(Data provided):

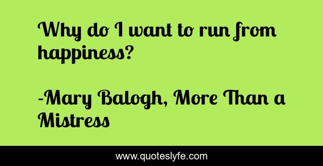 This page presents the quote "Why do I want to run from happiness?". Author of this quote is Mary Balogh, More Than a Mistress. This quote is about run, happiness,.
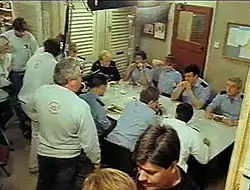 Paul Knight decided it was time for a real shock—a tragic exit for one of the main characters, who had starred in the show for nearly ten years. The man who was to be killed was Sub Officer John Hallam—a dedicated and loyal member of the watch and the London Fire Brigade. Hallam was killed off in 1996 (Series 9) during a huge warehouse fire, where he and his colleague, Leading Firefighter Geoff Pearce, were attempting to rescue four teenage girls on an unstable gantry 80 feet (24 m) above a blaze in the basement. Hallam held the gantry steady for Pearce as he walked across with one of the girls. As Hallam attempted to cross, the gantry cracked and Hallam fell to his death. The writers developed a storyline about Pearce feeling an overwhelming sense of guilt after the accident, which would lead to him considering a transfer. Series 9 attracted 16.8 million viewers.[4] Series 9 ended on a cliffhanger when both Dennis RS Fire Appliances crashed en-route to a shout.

---

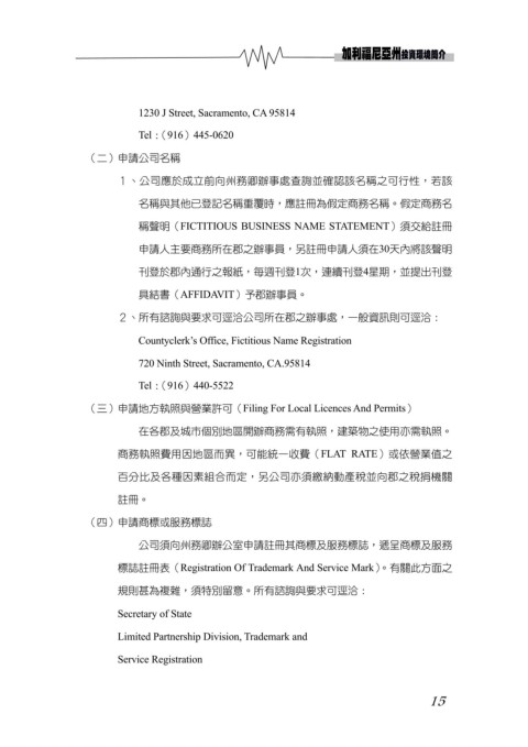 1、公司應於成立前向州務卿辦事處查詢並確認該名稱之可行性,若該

(Problem details):
Every line from the one with "This page presents" through the one with "Paul Knight decided" is to be reproduced exactly as written above, and the pictures are to be dropped.

(Worked solution):
 This page presents the quote "Why do I want to run from happiness?". Author of this quote is Mary Balogh, More Than a Mistress. This quote is about run, happiness,.
 Paul Knight decided it was time for a real shock—a tragic exit for one of the main characters, who had starred in the show for nearly ten years. The man who was to be killed was Sub Officer John Hallam—a dedicated and loyal member of the watch and the London Fire Brigade. Hallam was killed off in 1996 (Series 9) during a huge warehouse fire, where he and his colleague, Leading Firefighter Geoff Pearce, were attempting to rescue four teenage girls on an unstable gantry 80 feet (24 m) above a blaze in the basement. Hallam held the gantry steady for Pearce as he walked across with one of the girls. As Hallam attempted to cross, the gantry cracked and Hallam fell to his death. The writers developed a storyline about Pearce feeling an overwhelming sense of guilt after the accident, which would lead to him considering a transfer. Series 9 attracted 16.8 million viewers.[4] Series 9 ended on a cliffhanger when both Dennis RS Fire Appliances crashed en-route to a shout.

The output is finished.